Tendrían que pasar más de cincuenta años para que este estado iniciado por él
le hiciera imposible la supervivencia.
Leer, escribir y contar fueron fáciles para él y casi siempre hacía un poco
más de Ib que exigían los pedagogos de la clase. En su tiempo libre jugaba en
la calle, corría en patinete y seguía al hombre del carro de mano, que vendía
pescado y granadas. Coleccionaba cascotes de las bombas británicas lanzadas
sobre Emden al principio de la guerra y los intercambiaba con sus
condiscípulos, que admiraban sobre todo los ejemplares puntiagudos y
brillantes y aquellos en que creían ver huellas de sangre. Un día en que un
bombardero británico sobrevoló la calle por la cual Yan paseaba en una
carretilla a su hermano Eduard, cuatro años menor que él, dejó caer a su
hermano y salvó la carretilla. Al ser reprendido por ello, reaccionó con la
frase de que la carretilla había quedado intacta.

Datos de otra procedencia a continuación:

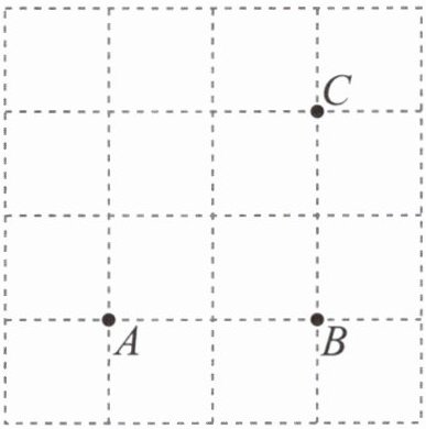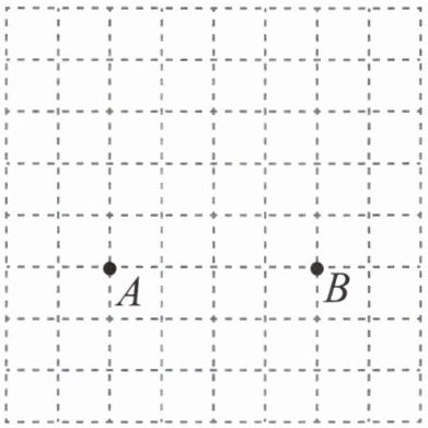 5. 以OA(或OB)为半径画圆,A、B两点即在圆上。(注:图中A、B水平相距4格,垂直平分线为AB中垂线,圆心O可在中垂线上选取,如AB中点正上方2格处,此时半径为√(2²+2²)=2√2格,按格点作图规范画出圆并标注O)

La situación de la familia Zabor mejoró un poco cuando el gobierno optó
por recurrir a algunos de sus adversarios para reforzar el ejército. Michael
Zabor fue alistado en la Wehrmacht al inicio de la guerra y enviado a la torre
del ayuntamiento de Emden para que desde allí disparara cañonazos a los
aviones enemigos. Ni él ni sus hombres dieron en el blanco una sola vez y
tras el cese de la alarma reflexionaba siempre sobre si sus fallos eran el mal
humano mayor o menor. Se enfrentaba a la misma pregunta que se hiciera su
padre respecto a los torpedos sin hallar una respuesta satisfactoria.
Después de los primeros ataques aéreos de la segunda guerra mundial.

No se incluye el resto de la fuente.